Segment Start: DATA RECORDS

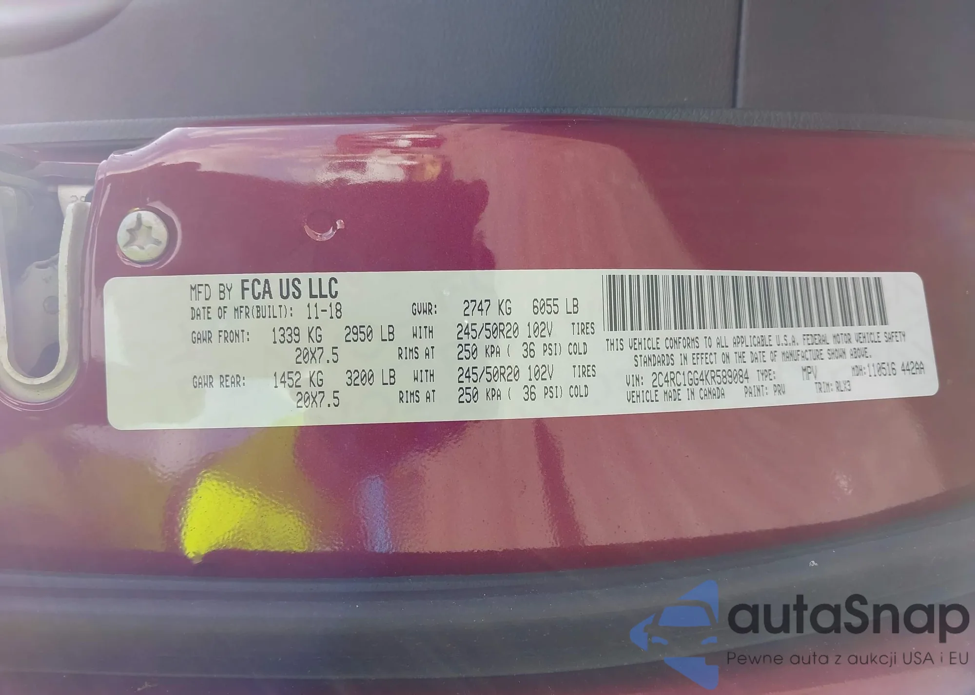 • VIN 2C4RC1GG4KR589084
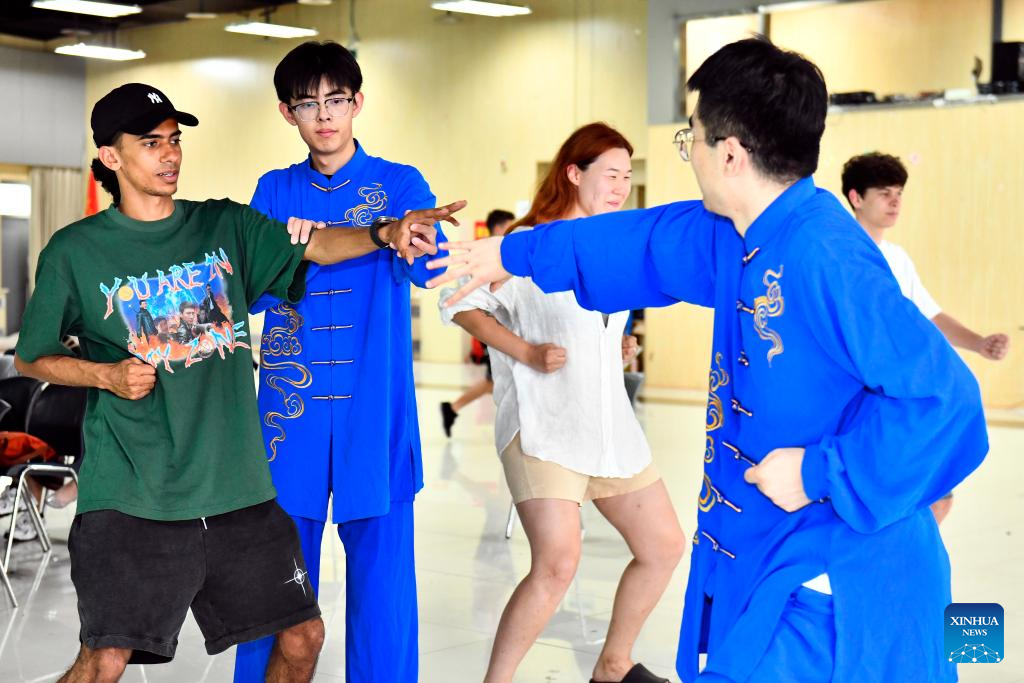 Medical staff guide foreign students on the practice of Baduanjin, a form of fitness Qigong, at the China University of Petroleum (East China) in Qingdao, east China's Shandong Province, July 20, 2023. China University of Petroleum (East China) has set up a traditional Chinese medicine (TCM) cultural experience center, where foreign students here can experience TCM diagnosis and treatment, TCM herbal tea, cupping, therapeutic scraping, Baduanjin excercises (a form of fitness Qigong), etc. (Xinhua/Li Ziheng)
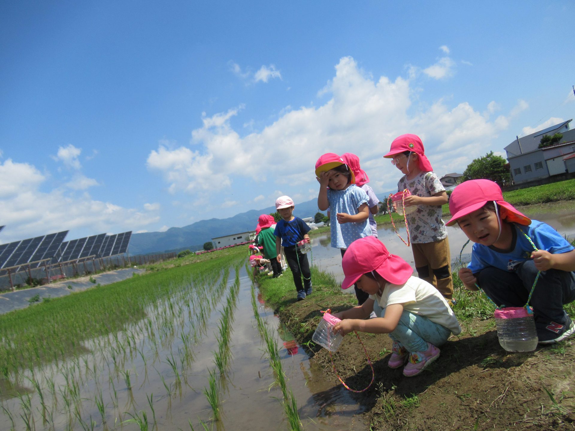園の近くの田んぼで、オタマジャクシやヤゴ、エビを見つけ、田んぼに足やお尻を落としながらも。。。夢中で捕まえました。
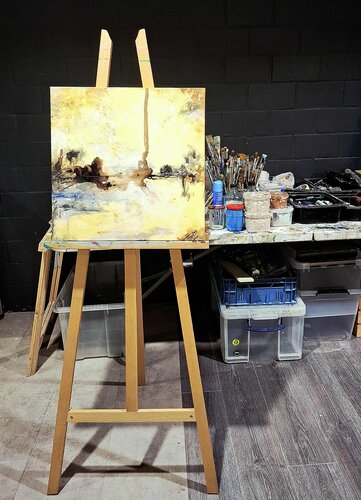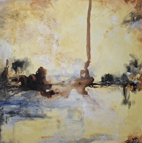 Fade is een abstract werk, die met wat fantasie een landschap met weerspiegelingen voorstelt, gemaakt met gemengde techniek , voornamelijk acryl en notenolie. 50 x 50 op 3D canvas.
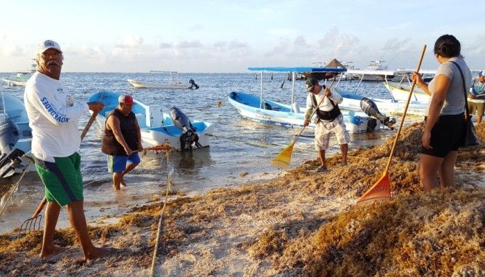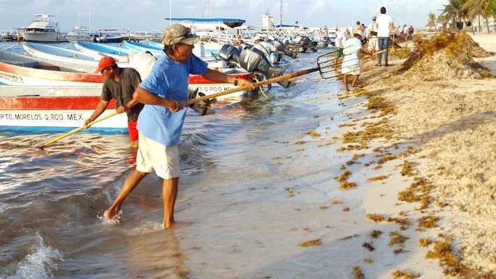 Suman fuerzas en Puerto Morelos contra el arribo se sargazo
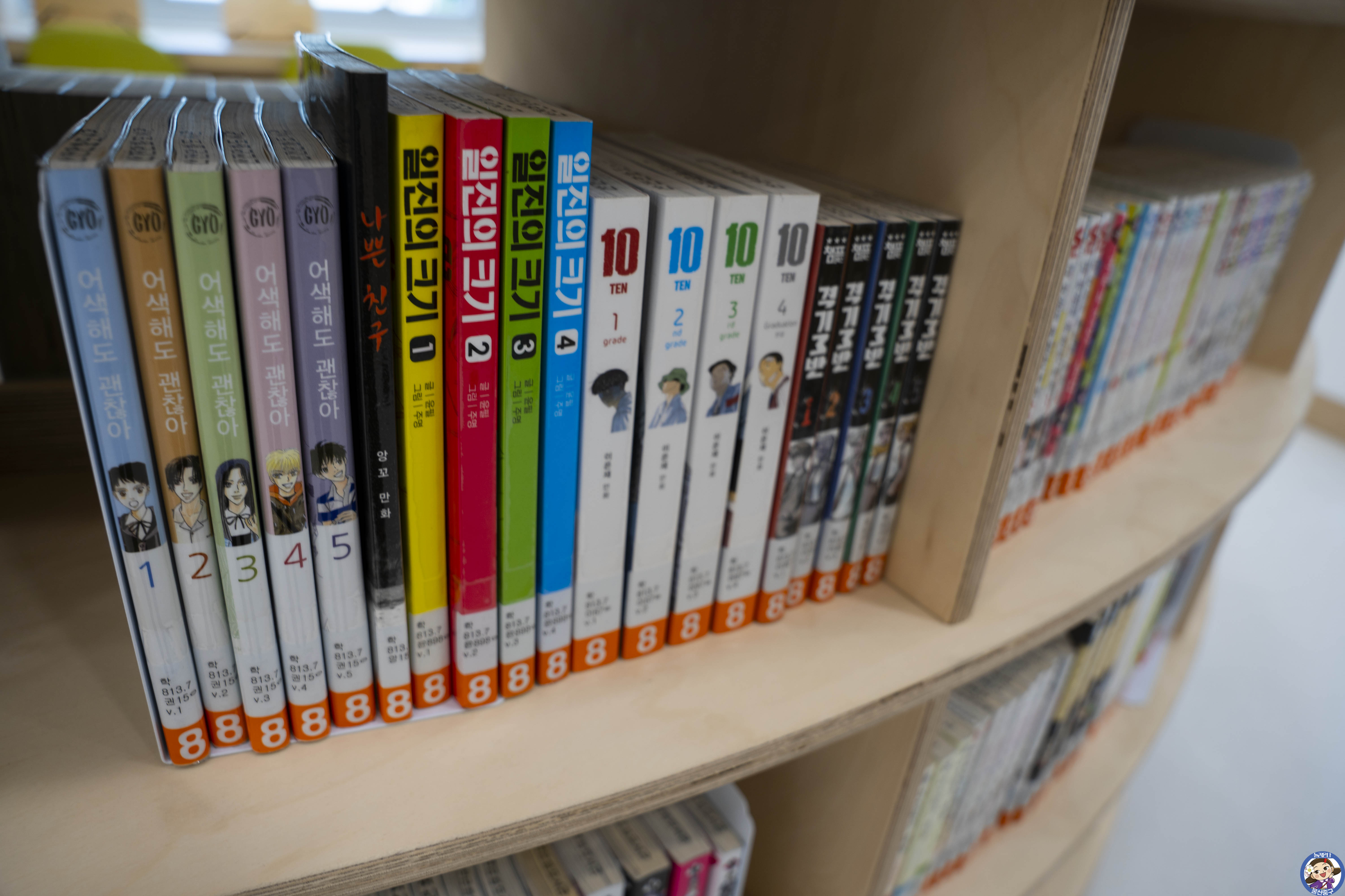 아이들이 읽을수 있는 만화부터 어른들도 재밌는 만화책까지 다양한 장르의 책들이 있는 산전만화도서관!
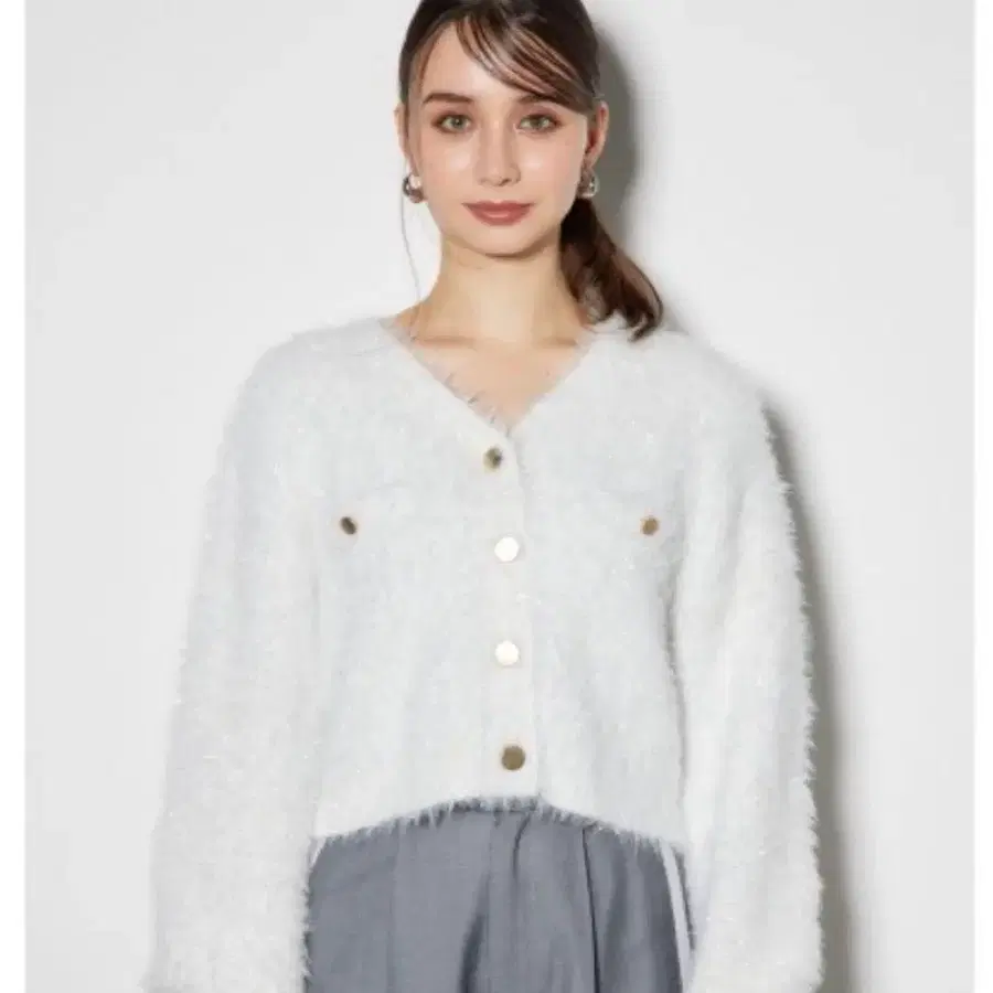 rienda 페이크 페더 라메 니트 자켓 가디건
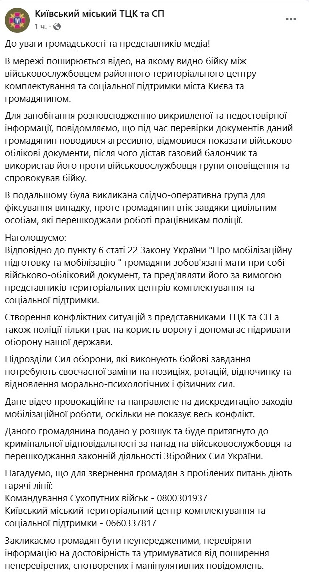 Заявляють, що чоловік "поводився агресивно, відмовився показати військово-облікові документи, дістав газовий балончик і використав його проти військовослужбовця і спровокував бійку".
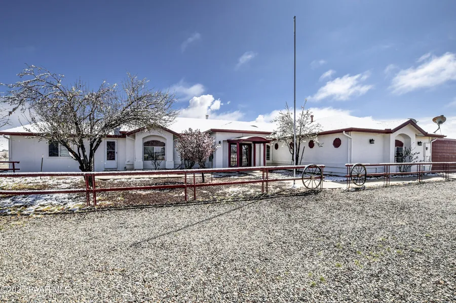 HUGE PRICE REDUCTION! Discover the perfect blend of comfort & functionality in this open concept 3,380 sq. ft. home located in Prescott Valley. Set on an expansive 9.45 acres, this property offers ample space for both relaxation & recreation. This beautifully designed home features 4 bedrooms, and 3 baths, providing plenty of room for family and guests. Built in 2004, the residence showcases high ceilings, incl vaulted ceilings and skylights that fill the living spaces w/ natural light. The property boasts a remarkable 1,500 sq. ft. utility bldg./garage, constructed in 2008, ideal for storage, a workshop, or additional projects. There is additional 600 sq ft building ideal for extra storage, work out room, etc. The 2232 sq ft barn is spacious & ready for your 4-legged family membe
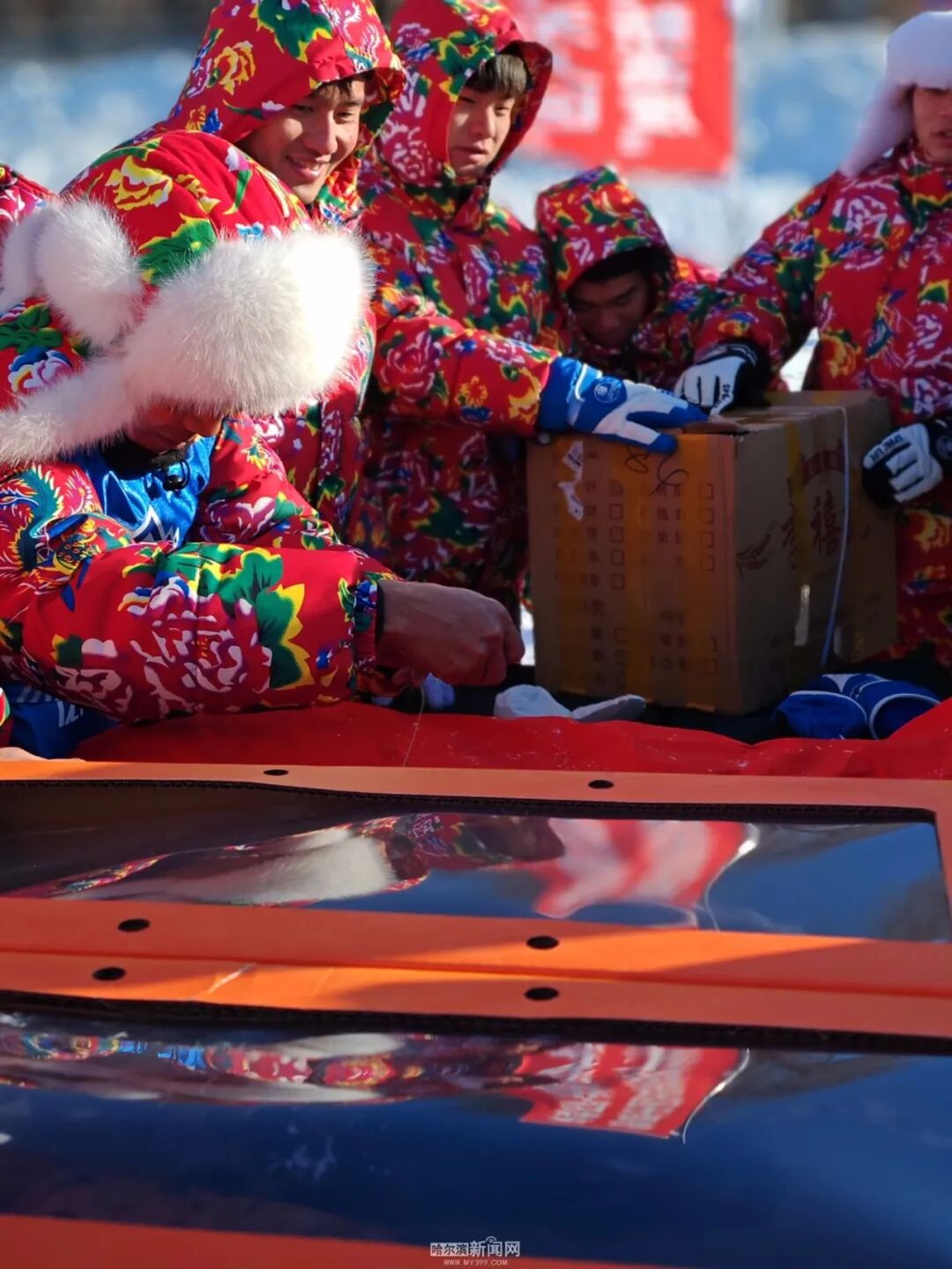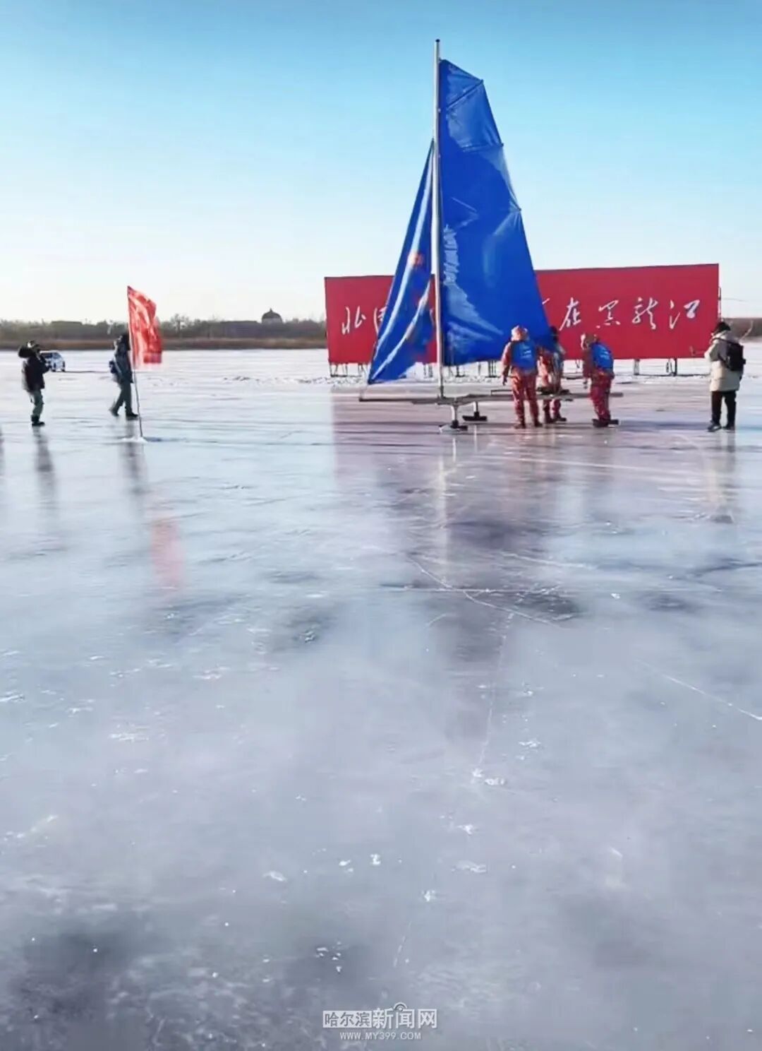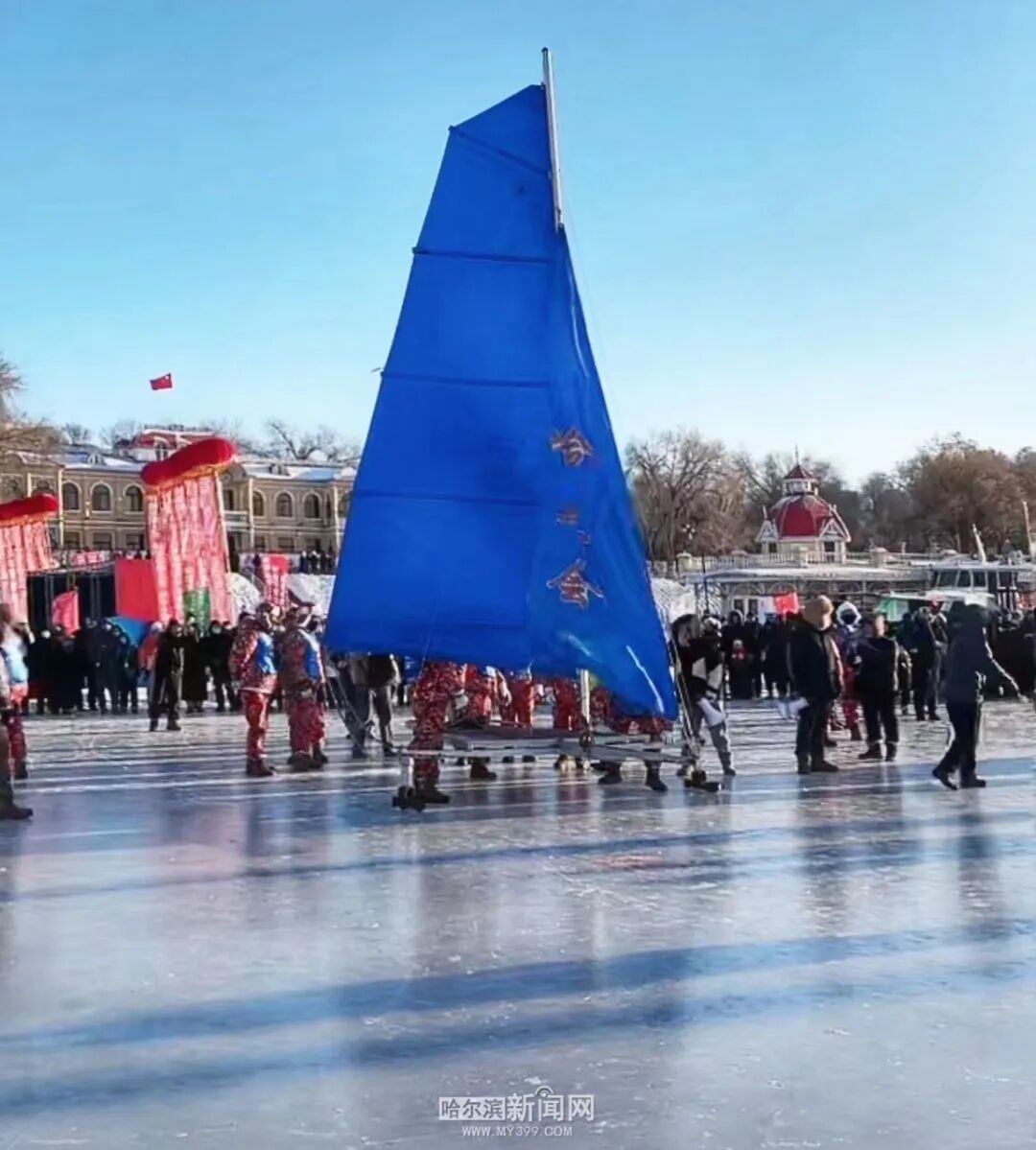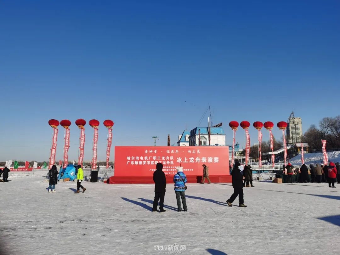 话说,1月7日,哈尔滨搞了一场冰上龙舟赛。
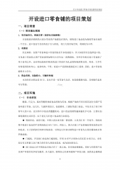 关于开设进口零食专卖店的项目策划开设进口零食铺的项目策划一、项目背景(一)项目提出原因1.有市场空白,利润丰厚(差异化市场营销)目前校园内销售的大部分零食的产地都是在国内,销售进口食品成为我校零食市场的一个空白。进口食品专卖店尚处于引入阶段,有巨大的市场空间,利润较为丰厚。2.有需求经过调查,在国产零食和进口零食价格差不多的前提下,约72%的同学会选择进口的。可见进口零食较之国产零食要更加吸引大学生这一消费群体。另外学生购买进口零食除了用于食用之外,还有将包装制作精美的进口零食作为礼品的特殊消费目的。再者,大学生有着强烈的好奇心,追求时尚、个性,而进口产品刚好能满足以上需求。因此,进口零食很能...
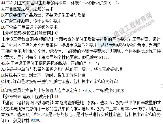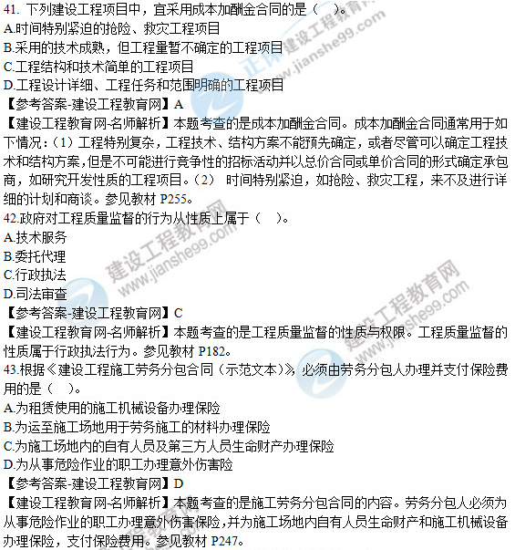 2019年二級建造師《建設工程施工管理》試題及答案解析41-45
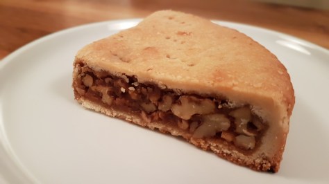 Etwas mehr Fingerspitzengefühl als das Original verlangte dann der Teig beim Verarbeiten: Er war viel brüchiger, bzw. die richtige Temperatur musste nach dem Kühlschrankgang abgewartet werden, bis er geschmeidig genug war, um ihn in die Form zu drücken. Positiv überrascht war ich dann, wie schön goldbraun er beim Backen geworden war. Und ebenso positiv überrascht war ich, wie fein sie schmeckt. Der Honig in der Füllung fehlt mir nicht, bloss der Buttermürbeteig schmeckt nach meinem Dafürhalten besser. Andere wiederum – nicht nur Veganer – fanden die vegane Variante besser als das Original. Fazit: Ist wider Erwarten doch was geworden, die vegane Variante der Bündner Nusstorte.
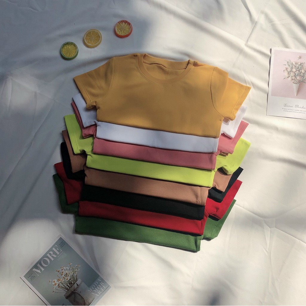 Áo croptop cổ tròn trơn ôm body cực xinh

Segment End: DATA RECORDS

**TASK GOAL:** If a line comes after the line with "Заявляють, що чоловік", it stays out; print exactly every line from the start of the entries up to and including that line, but no pictures.

**ANSWER TO THIS TASK:**
 • VIN 2C4RC1GG4KR589084
 Medical staff guide foreign students on the practice of Baduanjin, a form of fitness Qigong, at the China University of Petroleum (East China) in Qingdao, east China's Shandong Province, July 20, 2023. China University of Petroleum (East China) has set up a traditional Chinese medicine (TCM) cultural experience center, where foreign students here can experience TCM diagnosis and treatment, TCM herbal tea, cupping, therapeutic scraping, Baduanjin excercises (a form of fitness Qigong), etc. (Xinhua/Li Ziheng)
園の近くの田んぼで、オタマジャクシやヤゴ、エビを見つけ、田んぼに足やお尻を落としながらも。。。夢中で捕まえました。
 Fade is een abstract werk, die met wat fantasie een landschap met weerspiegelingen voorstelt, gemaakt met gemengde techniek , voornamelijk acryl en notenolie. 50 x 50 op 3D canvas.
 Suman fuerzas en Puerto Morelos contra el arribo se sargazo
 아이들이 읽을수 있는 만화부터 어른들도 재밌는 만화책까지 다양한 장르의 책들이 있는 산전만화도서관!
 rienda 페이크 페더 라메 니트 자켓 가디건
 Заявляють, що чоловік "поводився агресивно, відмовився показати військово-облікові документи, дістав газовий балончик і використав його проти військовослужбовця і спровокував бійку".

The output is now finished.